Entretanto, a literatura admite a existência de significativos erros de codificação das causas de morte em crianças, pois muitos óbitos ocorridos nesse grupo não são investigados e (ou) os exames post mortem não são realizados, o que torna dificil estabelecer o número preciso de óbitos de crianças vitimadas pela violência em todos os países. Sobre esse aspecto, um estudo realizado nos Estados Unidos apontou um grande percentual de óbitos de crianças vítimas de homicídios que foram codificados como morte súbita ou acidental (WHO, 2002).

Outrossim, ainda com referência às informações sobre óbitos de crianças em decorrência da violência, o Capitulo XX (Causas Externas de Morbidade e da Mortalidade) da CID-10 contém duas categorias que devem ser utilizadas para classificar os óbitos cuja causa básica é maus-tratos (Y06 a Y07.9). Entretanto, em algumas situações, a investigação não é realizada de forma bastante cautelosa, e, em consequência, a causa do óbito da criança é confundida com as demais agressões (X85 a Y05; Y08 a Y09). Com vistas a esse propósito, é necessário que, durante a investigação, fique caracterizado que houve uma ação continuada de maus-tratos até a morte. Na situação em que não se puder confirmar o caráter contínuo da ação, o óbito será, então, codificado como “agressão” (BRASIL, 2013).
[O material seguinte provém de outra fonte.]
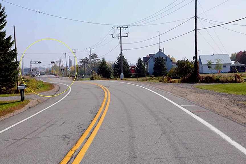 - Étant donné que la visibilité des feux du dispositif d'avertissement du passage à niveau est inférieure à la distance de visibilité d'arrêt, un panneau « Préparez-vous à arrêter » actif relié au dispositif d'avertissement du passage à niveau est exigé à cet endroit d'ici 2021 selon le nouveau Règlement sur les passages à niveau de Transports Canada.

Sobre a vigilância dos casos não fatais de violência, a literatura revela que a equipe hospitalar responsável pelo atendimento da criança, muitas vezes registra outra causa para a lesão, diversa da síndrome de maus-tratos. Na Europa, várias abordagens estão sendo propostas com o intuito de melhorar a codificação dos casos de maus-tratos, incluindo protocolos com foco em lesões de alto risco (WHO, 2013).

Para o registro da notificação interpessoal ou autoprovocada, no SINAN, utiliza-se o código genérico Y09 – agressão por meio não especificado – da CID-10, visto que a ficha de notificação desse agravo é única para os mais variados atos de violências. Por esse motivo, a análise das notificações desse agravo, no SINAN, não é realizada segundo a categoria da CID-10, mas sim por sua tipologia, a saber: intrafamiliar ou doméstica, extrafamiliar ou comunitária, autoprovocada, institucional. De acordo com a natureza da violência: física, negligência ou abandono, sexual, psicológica ou moral, dentre outras (BRASIL, 2014d).

Segundo a World Health Organization (2013), a literatura revela que a equipe hospitalar responsável pelo atendimento da criança, muitas vezes, registra outra causa para a lesão, diversa da síndrome de maus-tratos. Dessa forma, na perspectiva de provocar mudanças nessa realidade, várias abordagens vêm sendo propostas em países da Europa, com o intuito de melhorar a codificação dos casos de maus-tratos, incluindo protocolos com foco em lesões de alto risco.